Gli 80 mln che vuole il Dortmund non li abbiamo.
Se poi non si riesce a piazzare i vari esuberi (tipo bacca,paletta,sosa) e ricavare qualcosa non si farà mai.


----------



## patriots88 (13 Agosto 2017)

Se poi il Dortmund cede dembele direi sia quasi impossibile si privino pure di PEA
non dipende solo da noi


----------



## Tempesta Perfetta (13 Agosto 2017)

Mah, coutinho pare che farà le visite mediche per il barca tra pochi giorni. Dubito prendano anche dembelè per più di 100mln, dopo aver speso 40mln per paulinho poi


----------



## gabuz (13 Agosto 2017)

goleador 70 ha scritto:


> E ha fatto anche bene
> 
> Perché ho sempre difeso la società ma se davvero ti presenti con Kalinic ti meriti le offese nonostante i 200 milioni spesi
> 
> Ma tanto so che non succederà



Hanno detto di aspettare fino al 15. Io aspetto.

Poi trarrò le conclusioni il 1° di settembre.


----------



## 7AlePato7 (13 Agosto 2017)

patriots88 ha scritto:


> Gli 80 mln che vuole il Dortmund non li abbiamo.
> Se poi non si riesce a piazzare i vari esuberi (tipo bacca,paletta,sosa) e ricavare qualcosa non si farà mai.


Non li abbiamo perché hai speso troppo, non hanno preventivato l'uscita enorme per il centravanti.


----------



## Casnop (13 Agosto 2017)

patriots88 ha scritto:


> Se poi il Dortmund cede dembele direi sia quasi impossibile si privino pure di PEA
> non dipende solo da noi


Il problema di Aubameyang è solo questo, in fondo.
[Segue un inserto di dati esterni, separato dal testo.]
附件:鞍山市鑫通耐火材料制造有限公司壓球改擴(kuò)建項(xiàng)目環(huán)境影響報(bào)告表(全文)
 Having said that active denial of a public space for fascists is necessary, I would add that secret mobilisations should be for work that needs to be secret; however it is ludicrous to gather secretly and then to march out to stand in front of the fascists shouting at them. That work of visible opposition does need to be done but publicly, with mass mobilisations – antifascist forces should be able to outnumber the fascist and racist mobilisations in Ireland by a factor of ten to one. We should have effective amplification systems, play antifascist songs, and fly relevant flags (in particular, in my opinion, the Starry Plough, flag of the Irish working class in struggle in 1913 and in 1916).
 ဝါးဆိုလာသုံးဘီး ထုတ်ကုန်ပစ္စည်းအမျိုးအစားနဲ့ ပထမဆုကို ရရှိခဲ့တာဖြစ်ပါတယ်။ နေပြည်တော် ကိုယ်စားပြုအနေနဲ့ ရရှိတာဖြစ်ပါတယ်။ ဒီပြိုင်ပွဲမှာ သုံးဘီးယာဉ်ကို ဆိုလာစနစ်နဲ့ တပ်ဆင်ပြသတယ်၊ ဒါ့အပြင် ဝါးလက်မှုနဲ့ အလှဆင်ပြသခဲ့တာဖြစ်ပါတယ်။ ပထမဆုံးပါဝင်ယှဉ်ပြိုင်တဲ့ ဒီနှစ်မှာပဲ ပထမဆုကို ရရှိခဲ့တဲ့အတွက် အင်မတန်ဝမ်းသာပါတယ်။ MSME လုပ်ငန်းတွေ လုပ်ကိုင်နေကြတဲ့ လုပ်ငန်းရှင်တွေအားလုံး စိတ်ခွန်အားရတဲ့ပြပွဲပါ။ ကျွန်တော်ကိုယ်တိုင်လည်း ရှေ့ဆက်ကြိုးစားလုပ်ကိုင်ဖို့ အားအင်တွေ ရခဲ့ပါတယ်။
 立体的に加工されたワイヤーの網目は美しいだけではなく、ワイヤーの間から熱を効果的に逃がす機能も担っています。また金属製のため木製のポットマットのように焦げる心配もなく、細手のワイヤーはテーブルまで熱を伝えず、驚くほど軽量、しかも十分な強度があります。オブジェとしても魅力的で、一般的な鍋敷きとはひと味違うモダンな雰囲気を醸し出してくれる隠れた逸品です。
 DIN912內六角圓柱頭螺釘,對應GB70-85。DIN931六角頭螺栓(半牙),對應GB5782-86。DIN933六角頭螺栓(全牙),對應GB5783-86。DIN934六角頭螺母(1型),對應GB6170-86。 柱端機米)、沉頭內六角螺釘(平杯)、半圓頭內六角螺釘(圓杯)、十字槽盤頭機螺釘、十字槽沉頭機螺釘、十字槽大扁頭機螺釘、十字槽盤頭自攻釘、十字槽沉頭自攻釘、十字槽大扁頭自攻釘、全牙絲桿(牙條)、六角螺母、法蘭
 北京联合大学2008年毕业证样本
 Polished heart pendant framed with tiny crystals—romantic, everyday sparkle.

Le quotazioni del giocatore sono figlie di un mercato stravolto dall'affaire Neymar, chi intende parteciparvi non può che adeguare il budget, ma non esse non preclusive quanto la possibile determinazione del Borussia di ritirare dal mercato il suo centravanti dopo la sortita del Barcellona su Dembele. Oggi dovremmo saperne di più, vediamo.


----------



## 666psycho (13 Agosto 2017)

Eziomare ha scritto:


> Io che c'entro ? Lo dicono i giornali, piu' o meno tutti...
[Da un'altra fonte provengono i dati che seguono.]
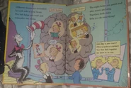 Once they are inside the machine, they see an x-ray image of the brain on a screen with Sally's head. The Cat in the Hat discusses the functions of the brain while they move onto a bigger screen that shows a top view of the brain, the two halves of the brain labelled "left brain" and "right brain." they are accompanied by illustrations of each part of the brain's primary responsibilities. Thing One and Thing Two demonstrate the size of the brain in a small illustration in the corner of the page.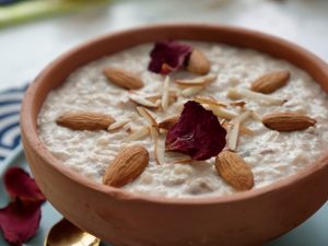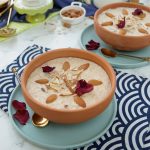 Garnish with almonds,dried rose petals & serve chilled.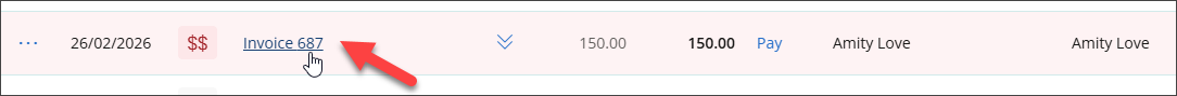 - Locate the invoice you want to adjust and click the Invoice link to open the invoice details screen.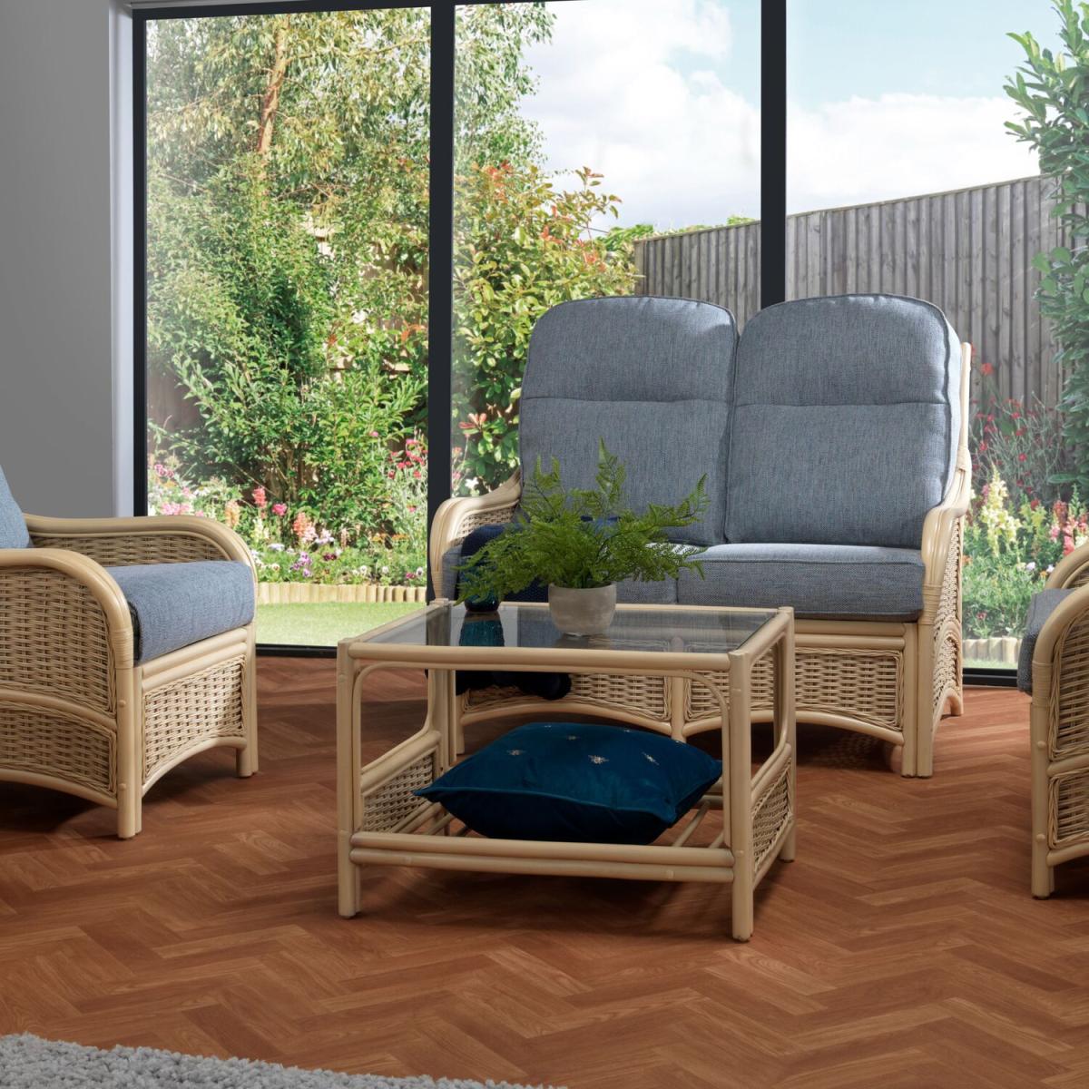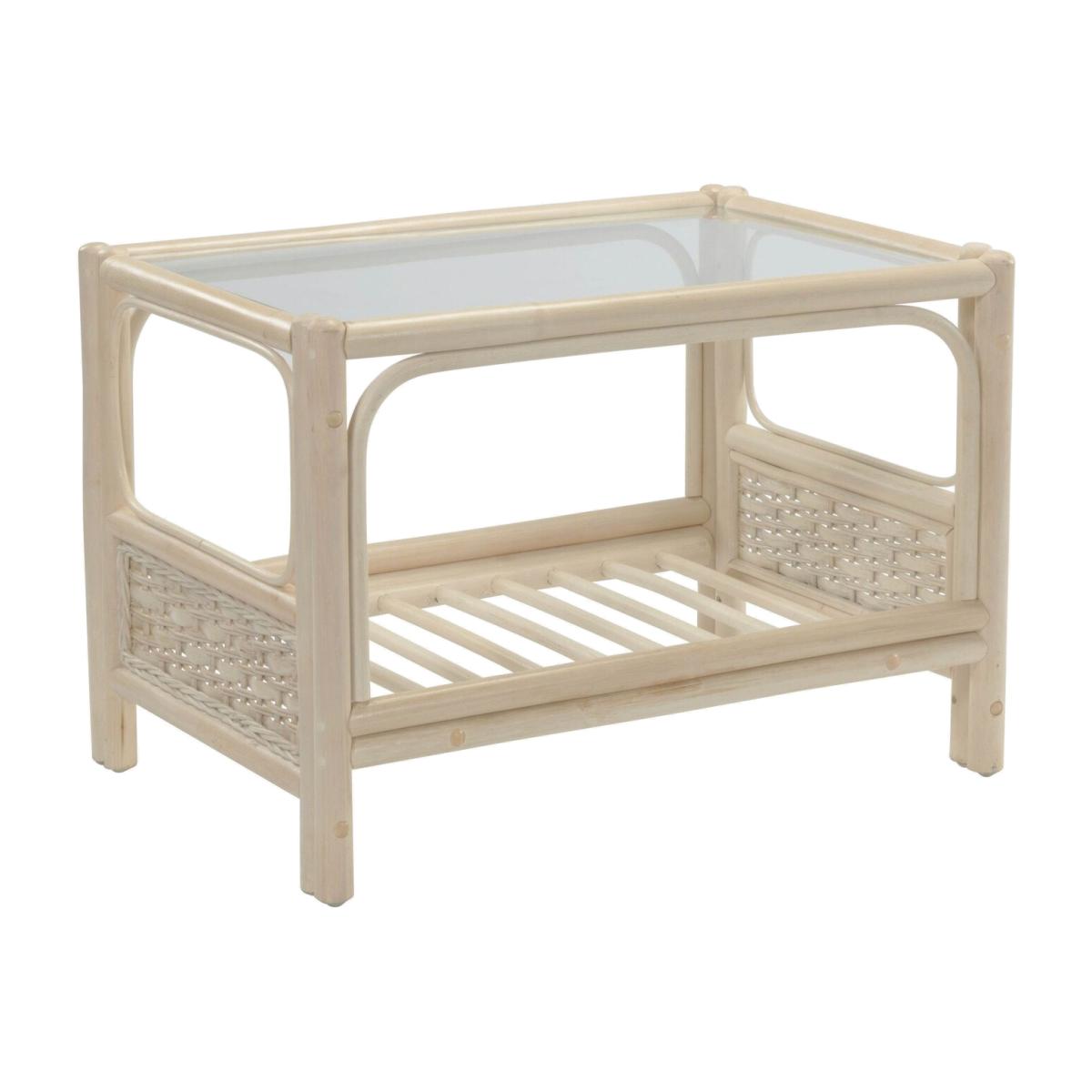 A sustainable natural rattan coffee table with 5mm toughened glass top and bottom shelf

ma i giornalai non sanno niente.. non fidarti. Io finché il mercato non è chiuso al botto ci credo.


----------



## goleador 70 (13 Agosto 2017)

Intanto Dembele è stato punito e si allena da solo per adesso 

Mentre secondo Sky DE Aubameyang ha lasciato l'allenamento ufficialmente per un raffreddore.


----------



## 666psycho (13 Agosto 2017)

7AlePato7 ha scritto:


> Se hai a disposizione 250 milioni di euro per fare il calciomercato considererei un GRAVE errore non aver preventivato un budget per il grande attaccante. Soprattutto in Italia un centravanti forte fa la differenza e lo abbiamo visto più volte. Al di là del vendere o meno magliette, sarebbe un errore tecnico enorme. E Kalinic sarebbe un acquisto degno di Galliani, perché pagheresti 30 milioni per un giocatore che non è certamente un big e che ormai il meglio di sé lo ha dato. Sarebbe un acquisto vergognoso. Non voglio girarci intorno.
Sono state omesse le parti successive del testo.